Building strong stakeholder relationships


How are the eleven National Science Challenges (Challenges) meeting the needs of their stakeholders? Results from interviews suggest we are on the right track.

Every two years Kanter Public, on behalf of MBIE, interview stakeholders from across the Challenges to assess how we are progressing. Each Challenge receives a summary of its own progress alongside an overview of the collective progress of the Challenges. The findings of the 2022 research demonstrate that collectively the Challenges have sustained good relationships with their stakeholders.  

Stakeholders hold leadership and researchers in very high regard for their skills, knowledge, expertise, collaboration, cultural competence, and engagement. They demonstrate open, transparent, and respectful ways of working. These working relationships and networks are valued, and stakeholders hope they will be sustained.

KANTAR report

Across the board, stakeholders value the tailored partnership approach. There was an appreciation for research summaries that were accessible and timely. This sidestepped the slower process of academic publication.

While Māori involvement has become more central to the research process over time, there is still variability in how this is implemented, from no Māori involvement to Kaupapa Māori research that is Māori led and focussed on Māori outcomes and aspirations. Māori co-directors, and Kahui Māori (Māori advisory board) send a powerful signal that Māori partnerships, te ao Māori principles, vision mātauranga, and Māori research outcomes are highly valued and incorporated.

Room for improvement was identified in several areas, including: 

  • The need for increasing collaboration across Challenges.
  • Communicating knowledge in a more accessible way for communities, iwi, hapū, Māori, and individuals.
  • Increasing resourcing for Māori and Pasifika researchers.
  • Deconstructing insititutionalised racism.
  • Ensuring whānau data sovereignty.
  • Ensuring that engagement with Māori is place based and geographically driven (mana whenua).

Stakeholders acknowledged the impact of Covid-19, with the most significant impact the loss of kanohi ki te kanohi face-to-face contact. The shift to online platforms had some advantages but led to a loss of personal connection. 

With the Challenges coming to an end in 2024, stakeholders had questions about how progress will be built on and sustained beyond the end date.

The Deep South Challenge are seen as genuine and helpful

The Deep South Challenge (DSC) specific feedback broadly validated our approach. In particular, our stakeholders identified our approach to engagement as genuine and personable. DSC leadership is seen as extremely helpful and knowledgeable, contributing to a high level of trust and confidence amongst stakeholders. 

Our website was identified as a great place to source information about our work. However, while there is no doubt about the high quality of research produced by the Challenge, stakeholders would like to see outputs become increasingly accessible to the public.
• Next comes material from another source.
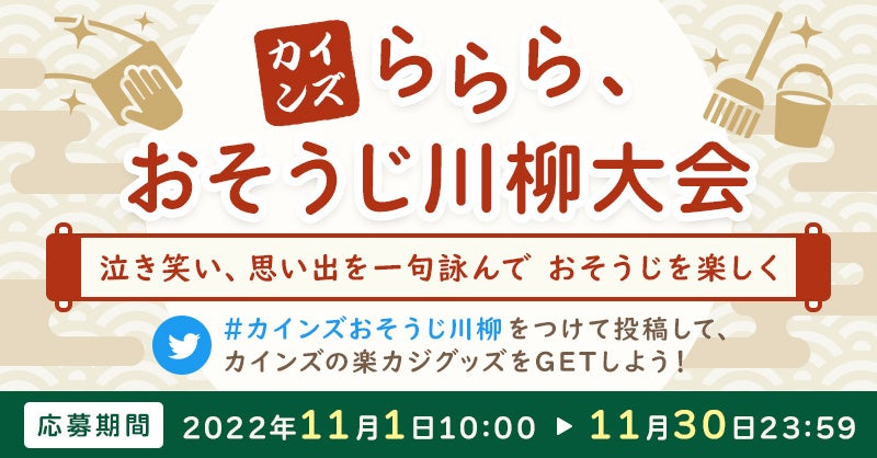 カインズは、本格的な大掃除シーズンの到来前に、Twitter上で掃除にまつわる思い出を川柳で募集します。本キャンペーンを通して、クスっと笑える・少し切なくなる・少しびっくりするような、日々のくらしの思い出をみんなで共有し、くらしのワンシーンとして、おそうじに楽しく取り組める文化の醸成に寄与できればと考えています。

I think they’re setting a really good example for how to ‘meaningfully’ engage with Māori. I’ve never seen so much support towards iwi and hāpu leading their own research, and they don’t want another entity, or another Crown Research Agency engaging with Māori. They want Māori engaging with Māori, which prevents misconceptions of our knowledge when others articulate our mātauranga. So Māori’ communities’ are governing, creating and leading the their own research ideas and inviting others to join where it is appropriate and useful.

Stakeholder feedback

Stakeholders identified DSC as a good example of what it is to put te ao Māori as a central focus. Our update on our Vision Mātuaranga programme shows how we are implementing this. However, there is still room to improve, including by expanding our networks in te ao Māori and increasing resources to support Māori engagement.